Copy verbatim the block of lines in the entries below whose first line contains "Интерьер cветовыми линиями, стеной" and whose last line contains "Regional Studies Center". Leave out all other lines.

# [Records for the task]
+--
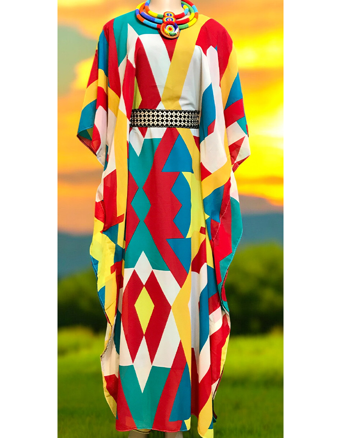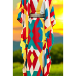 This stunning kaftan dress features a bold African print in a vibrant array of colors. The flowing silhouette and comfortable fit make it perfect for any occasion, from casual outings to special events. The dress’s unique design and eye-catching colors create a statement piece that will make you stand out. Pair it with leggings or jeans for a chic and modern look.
+--
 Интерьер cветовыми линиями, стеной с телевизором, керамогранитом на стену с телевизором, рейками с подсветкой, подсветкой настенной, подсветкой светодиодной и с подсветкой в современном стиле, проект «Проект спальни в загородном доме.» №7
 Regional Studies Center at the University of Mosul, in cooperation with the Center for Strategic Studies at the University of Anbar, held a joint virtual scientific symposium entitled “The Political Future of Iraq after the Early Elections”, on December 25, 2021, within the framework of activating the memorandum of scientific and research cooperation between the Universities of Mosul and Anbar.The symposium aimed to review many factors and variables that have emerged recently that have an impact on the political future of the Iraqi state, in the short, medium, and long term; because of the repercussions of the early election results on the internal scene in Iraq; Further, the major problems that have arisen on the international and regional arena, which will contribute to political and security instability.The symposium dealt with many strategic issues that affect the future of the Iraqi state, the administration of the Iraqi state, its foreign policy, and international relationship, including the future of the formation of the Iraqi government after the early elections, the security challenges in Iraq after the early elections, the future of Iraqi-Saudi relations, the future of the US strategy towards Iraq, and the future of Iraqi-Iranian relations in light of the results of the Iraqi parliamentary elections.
+--
# [Finished task]
 Интерьер cветовыми линиями, стеной с телевизором, керамогранитом на стену с телевизором, рейками с подсветкой, подсветкой настенной, подсветкой светодиодной и с подсветкой в современном стиле, проект «Проект спальни в загородном доме.» №7
 Regional Studies Center at the University of Mosul, in cooperation with the Center for Strategic Studies at the University of Anbar, held a joint virtual scientific symposium entitled “The Political Future of Iraq after the Early Elections”, on December 25, 2021, within the framework of activating the memorandum of scientific and research cooperation between the Universities of Mosul and Anbar.The symposium aimed to review many factors and variables that have emerged recently that have an impact on the political future of the Iraqi state, in the short, medium, and long term; because of the repercussions of the early election results on the internal scene in Iraq; Further, the major problems that have arisen on the international and regional arena, which will contribute to political and security instability.The symposium dealt with many strategic issues that affect the future of the Iraqi state, the administration of the Iraqi state, its foreign policy, and international relationship, including the future of the formation of the Iraqi government after the early elections, the security challenges in Iraq after the early elections, the future of Iraqi-Saudi relations, the future of the US strategy towards Iraq, and the future of Iraqi-Iranian relations in light of the results of the Iraqi parliamentary elections.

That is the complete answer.